Our previous blog Precious Rebound highlighted how, historically, both Gold and Silver have acted as reliable hedges against inflation—with Gold often taking the lead.
However, recent market dynamics suggest that Silver is quietly turning the tables. Today, we delve exclusively into the Gold-Silver ratio, a critical metric that gauges the relative value between these two precious metals.
Highlights
The gold-silver ratio, simply put, is the number of units of silver that can be bought with one unit of gold. Currently the ratio is at 90.
- This ratio almost always converges to its long-term average of 67.5.
- In almost 50% of the cases (since 1980s) where the ratio is above average, the convergence happened with Silver outperforming Gold.
- Additionally, the outperformance of Silver over Gold on average under such instances is nearly 11%.
- If we consider the instances where ratio is above 90, the outperformance is significantly higher at ~27% on average.

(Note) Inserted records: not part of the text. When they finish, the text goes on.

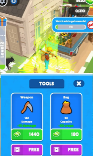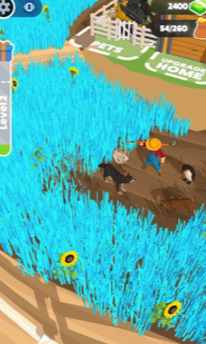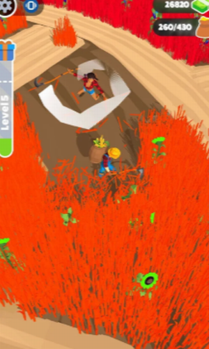 1.游戏很解压,卡通游戏界面,游戏玩法和操作简单,来操作你的工人就可以开始割草了。
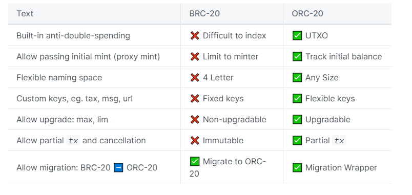 As melhorias do ORC-20 em comparação com o BRC-20 são as seguintes:
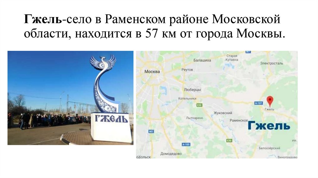 8. Гжель-село в Раменском районе Московской области, находится в 57 км от города Москвы.
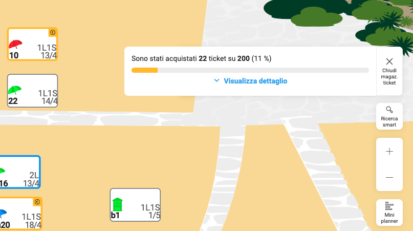 Se utilizzi i Ticket d’ingresso, nella sezione spiaggia hai un nuovo pulsante “Magazzino Ticket” con cui puoi visualizzare velocemente e con un solo click i ticket giornalieri venduti e la capacità residua della tua struttura.
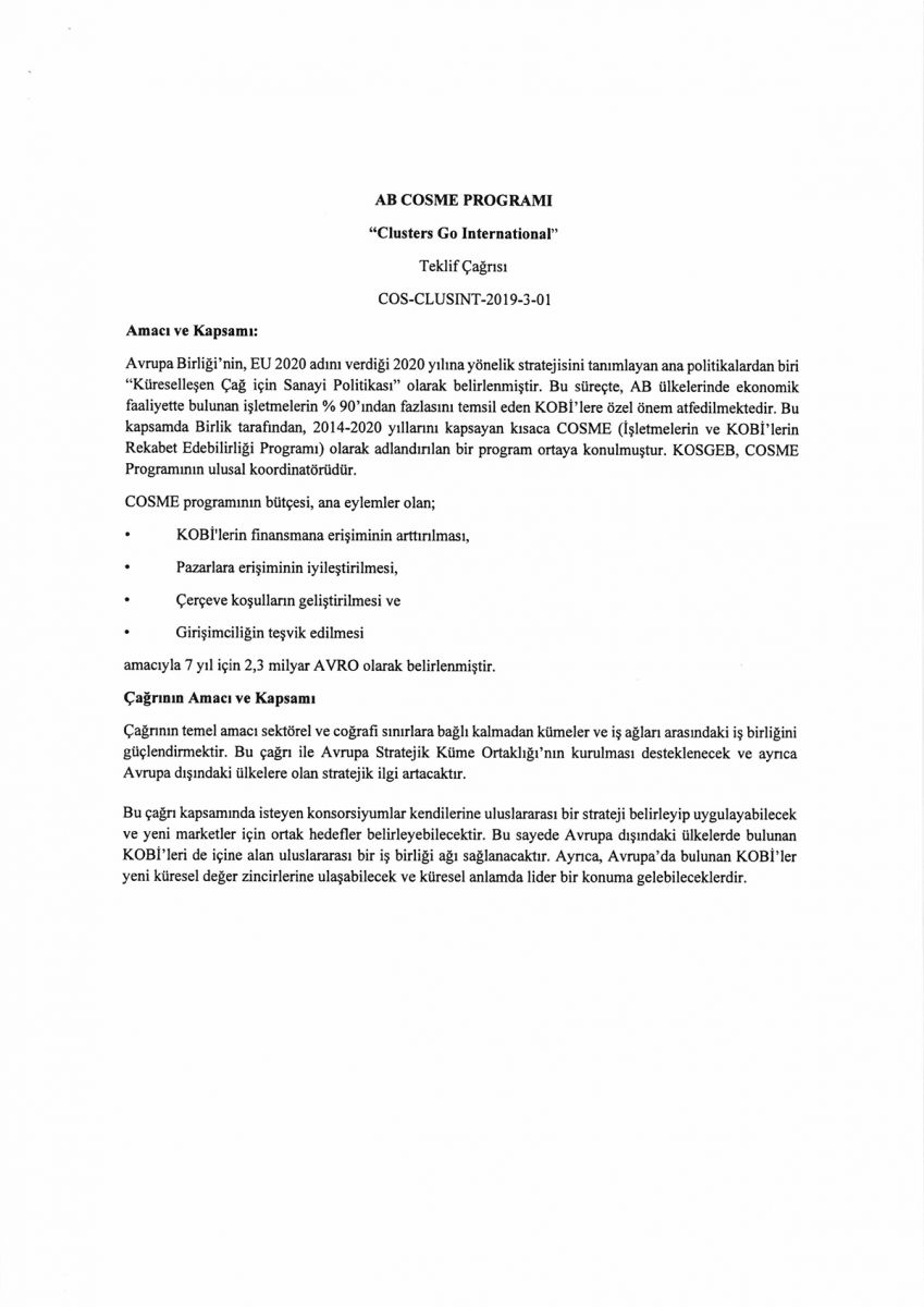 AVRUPA BİRLİĞİ İŞLETMELERİN VE KOBİ'LERİN REKABET EDEBİLİRLİĞİ (COSME) PROGRAMI
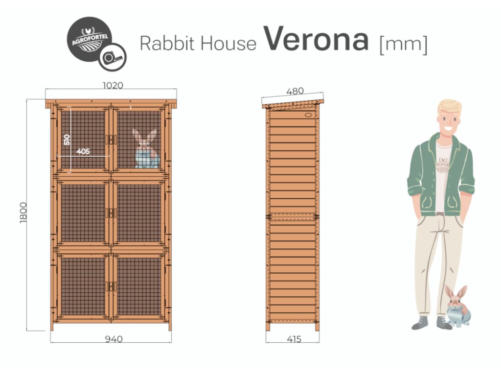 Drevená králikáreň Agrofortel VERONA pre 6 králikov, 102 x 48 x 180 cm
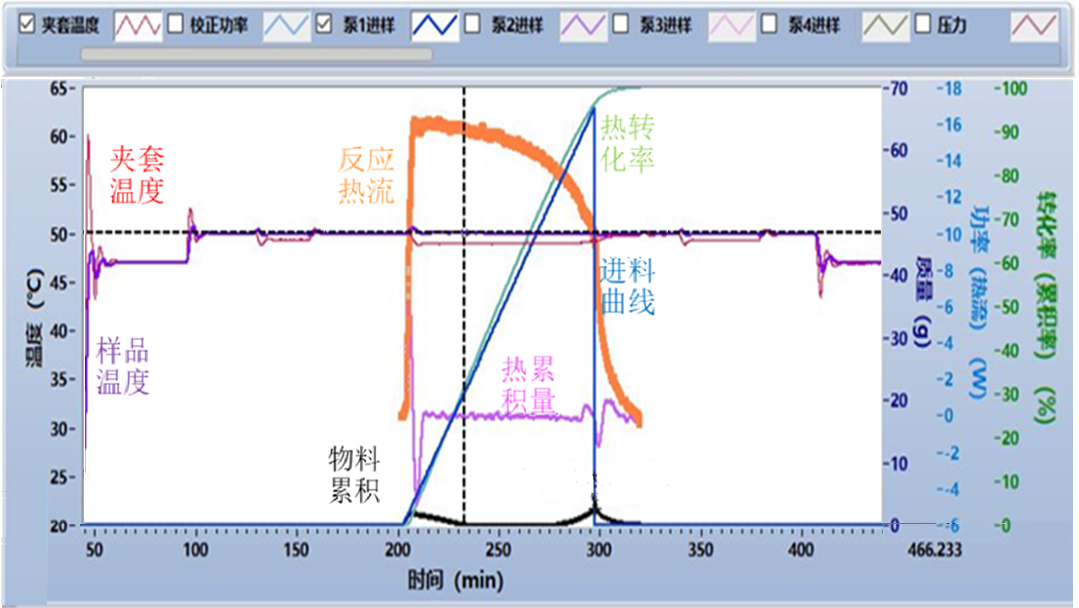 反應量熱儀軟件中可設置多步驟實驗流程,并可通過油浴控溫或加熱器控溫實現(xiàn)各步驟反應溫度的精確控制。實驗流程結(jié)束后自動計算得到不同時刻反應放熱功率(熱流)、物料和熱積累、熱轉(zhuǎn)化率、MTSR等數(shù)據(jù),可直觀地反映出目標反應的放熱特征以及過程變化。主要參數(shù)可按照以下公式進行計算:
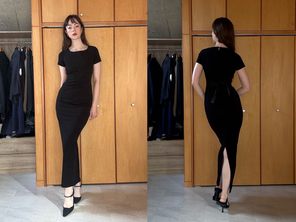 仕事でもパーティでも着ることのできる完璧なブラックドレス。女性の身体を最も綺麗に魅せられるラインになるよう細かくデザインした自信作です」
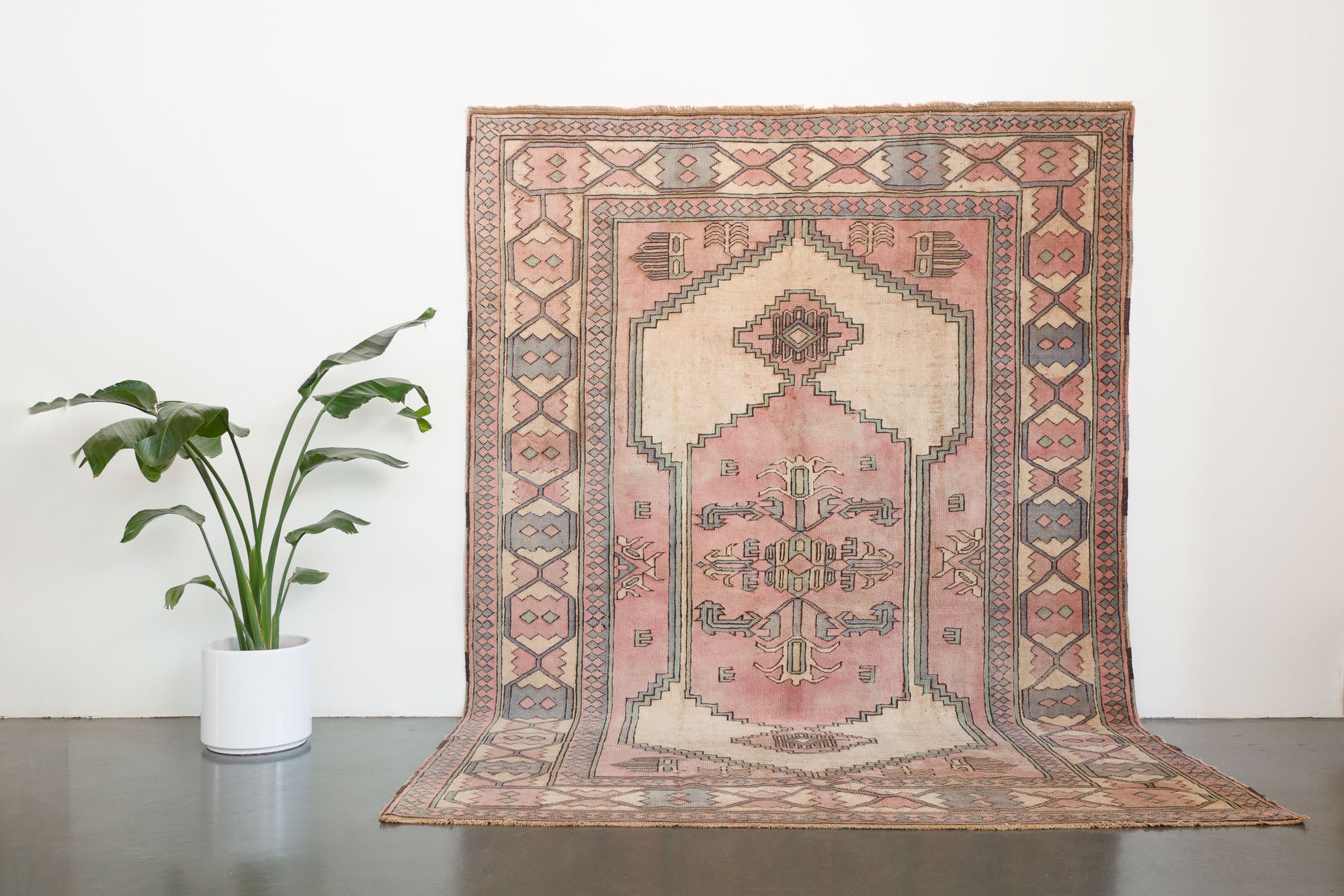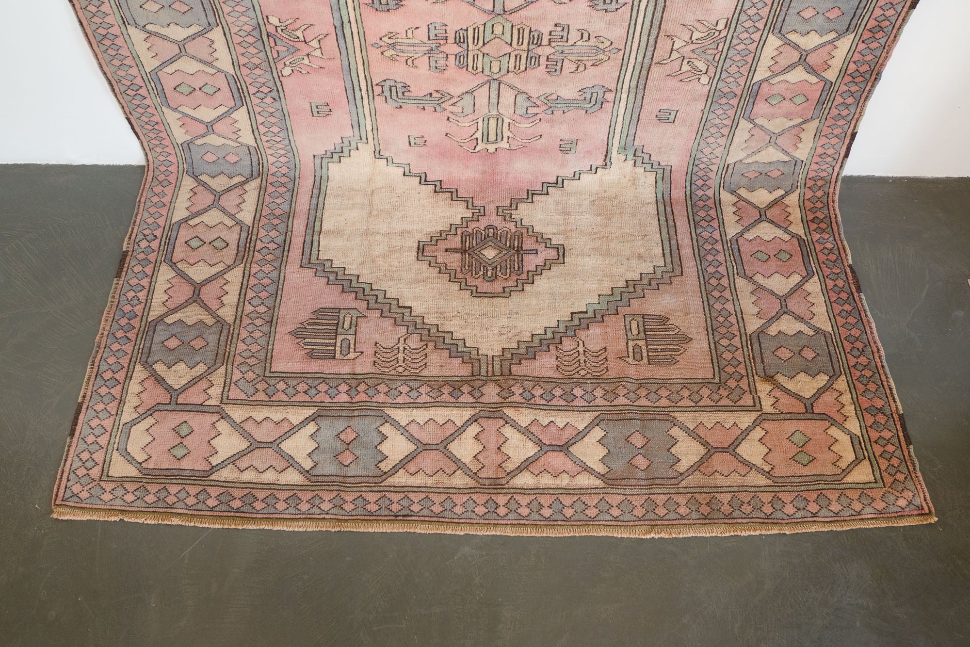 name: Yabanorigin: Turkeystyle: Melis, medallion, rug, carpet material: hand knotted woolcolor: pink, gray, cream, browns, black, greenage: vintage (1940-1969)condition: good, age related wear (discoloration) - see picturesappraised value: $3,264

Market Implications & Investment Opportunities
Now that the Gold-Silver ratio is again at 90, the market may be signaling that Silver is at a deep value and may outperform gold significantly to reach convergence.
External Factors Enhancing Silver’s Appeal
Amid geopolitical and economic uncertainties, investors are turning to safe-haven currencies. Meanwhile, a supply deficit for the 5th consecutive year and 3% industrial demand growth in 2025 may bolster Silver’s appeal.
Source: Silver Institute
Conclusion
For portfolio diversification, Gold can offer stability, while Silver’s upside potential may justify a larger allocation—making now a key time to reassess precious metals holdings.
Please note that the above should not be construed as an advice from us. Our company is in the business of distribution of suitable Financial Products to investors describing product specifications, material facts and the associated risk factors. We are acting as a Distributor for these products and facilitating transactions.